* GIVEN DATA:
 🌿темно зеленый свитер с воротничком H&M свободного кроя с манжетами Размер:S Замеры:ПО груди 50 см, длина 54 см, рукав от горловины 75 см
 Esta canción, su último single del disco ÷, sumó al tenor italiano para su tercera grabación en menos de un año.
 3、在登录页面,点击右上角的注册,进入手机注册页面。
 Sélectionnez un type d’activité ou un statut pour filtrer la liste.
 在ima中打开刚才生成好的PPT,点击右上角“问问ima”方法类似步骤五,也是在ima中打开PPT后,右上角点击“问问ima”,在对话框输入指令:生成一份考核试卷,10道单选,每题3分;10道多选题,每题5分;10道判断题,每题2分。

...

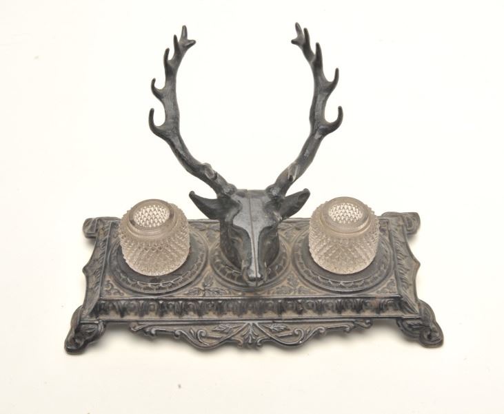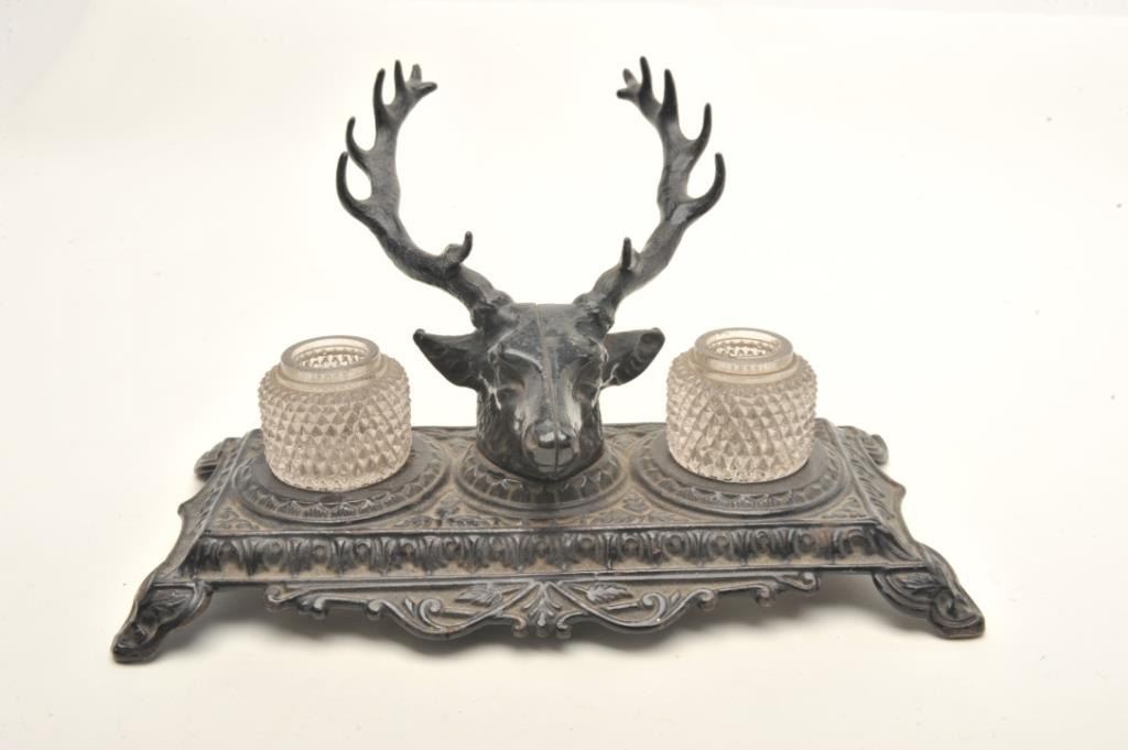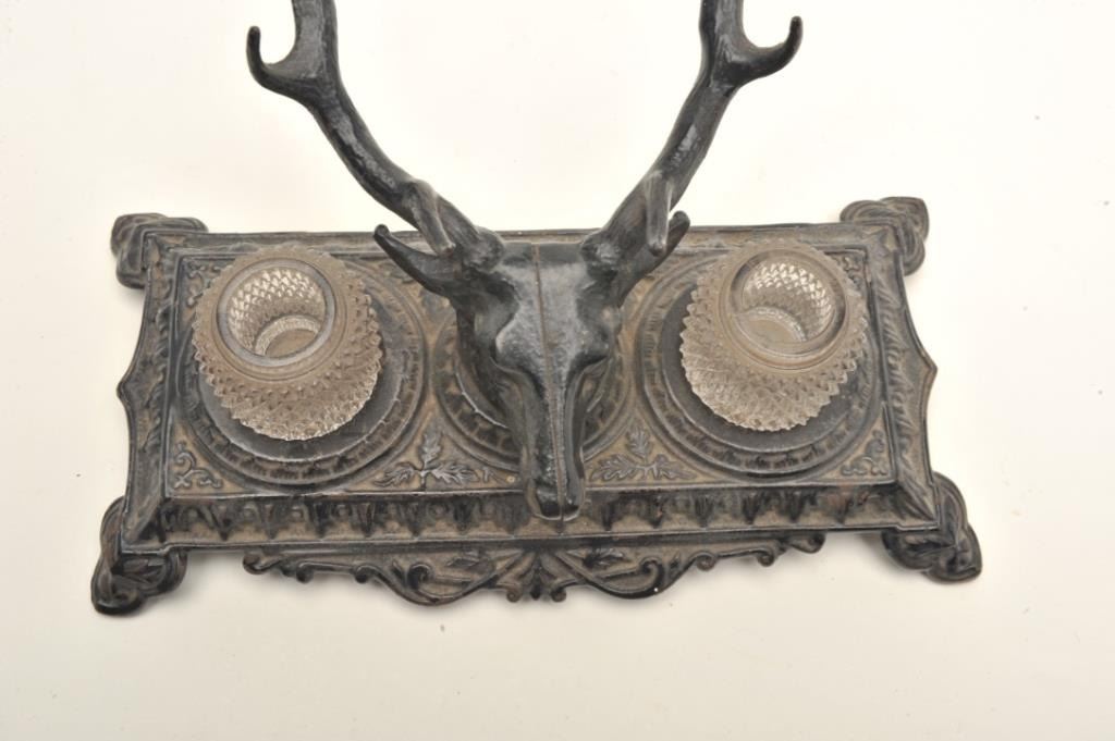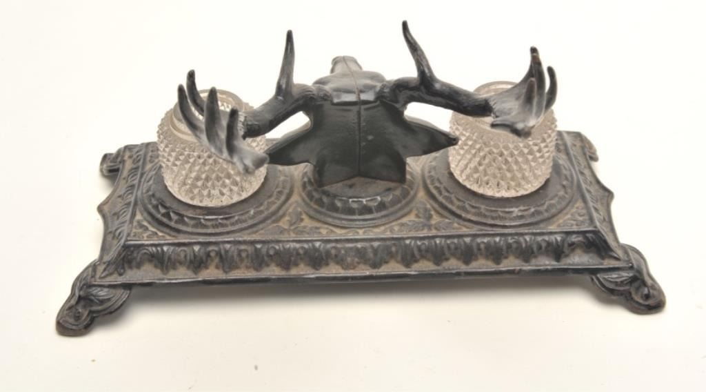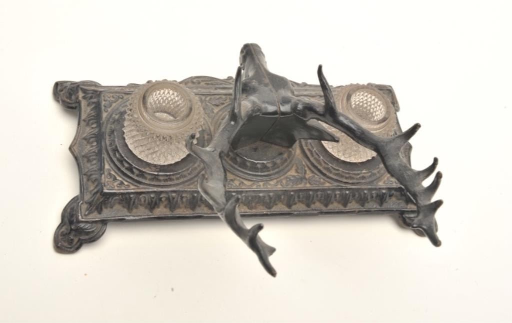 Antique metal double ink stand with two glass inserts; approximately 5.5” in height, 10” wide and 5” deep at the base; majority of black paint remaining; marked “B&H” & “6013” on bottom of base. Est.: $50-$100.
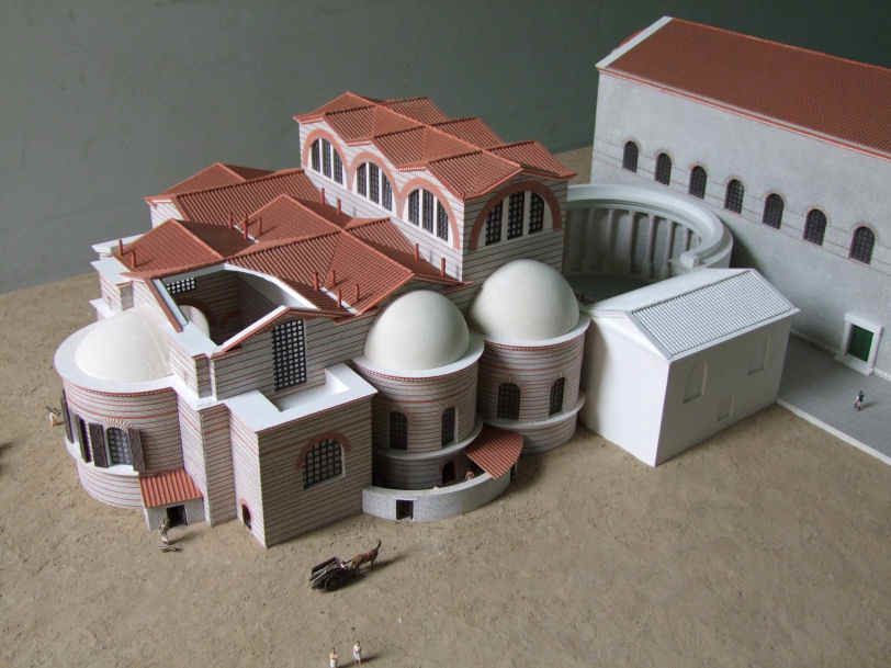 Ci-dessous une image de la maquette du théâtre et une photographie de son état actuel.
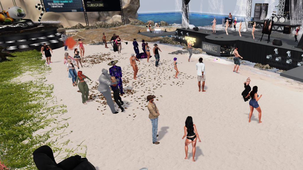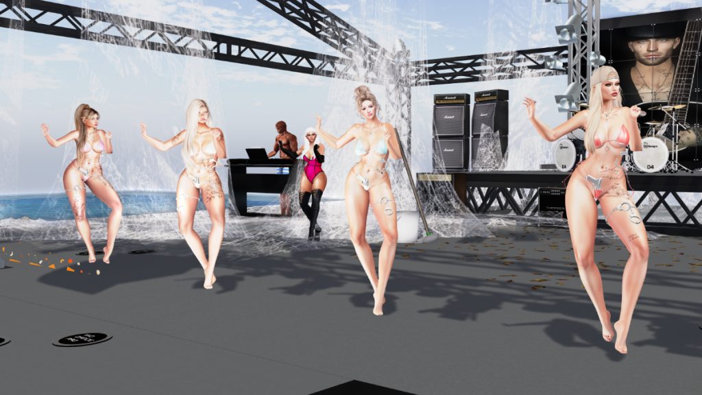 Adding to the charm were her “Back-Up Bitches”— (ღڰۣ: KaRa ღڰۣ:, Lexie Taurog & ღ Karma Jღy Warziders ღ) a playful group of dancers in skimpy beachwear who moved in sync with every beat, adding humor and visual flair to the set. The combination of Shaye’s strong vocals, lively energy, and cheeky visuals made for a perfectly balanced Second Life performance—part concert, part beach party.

...

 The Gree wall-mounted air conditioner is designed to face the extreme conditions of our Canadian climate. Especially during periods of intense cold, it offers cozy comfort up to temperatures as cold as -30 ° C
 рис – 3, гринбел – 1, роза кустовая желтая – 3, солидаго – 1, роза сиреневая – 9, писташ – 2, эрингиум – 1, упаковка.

* WHAT TO DO:
In the entries above, find the line containing "Antique metal double" and the line containing "Adding to the"; give again exactly those two lines and every line between them, minus the pictures.

* RESPONSE TO THE TASK:
 Antique metal double ink stand with two glass inserts; approximately 5.5” in height, 10” wide and 5” deep at the base; majority of black paint remaining; marked “B&H” & “6013” on bottom of base. Est.: $50-$100.
 Ci-dessous une image de la maquette du théâtre et une photographie de son état actuel.
 Adding to the charm were her “Back-Up Bitches”— (ღڰۣ: KaRa ღڰۣ:, Lexie Taurog & ღ Karma Jღy Warziders ღ) a playful group of dancers in skimpy beachwear who moved in sync with every beat, adding humor and visual flair to the set. The combination of Shaye’s strong vocals, lively energy, and cheeky visuals made for a perfectly balanced Second Life performance—part concert, part beach party.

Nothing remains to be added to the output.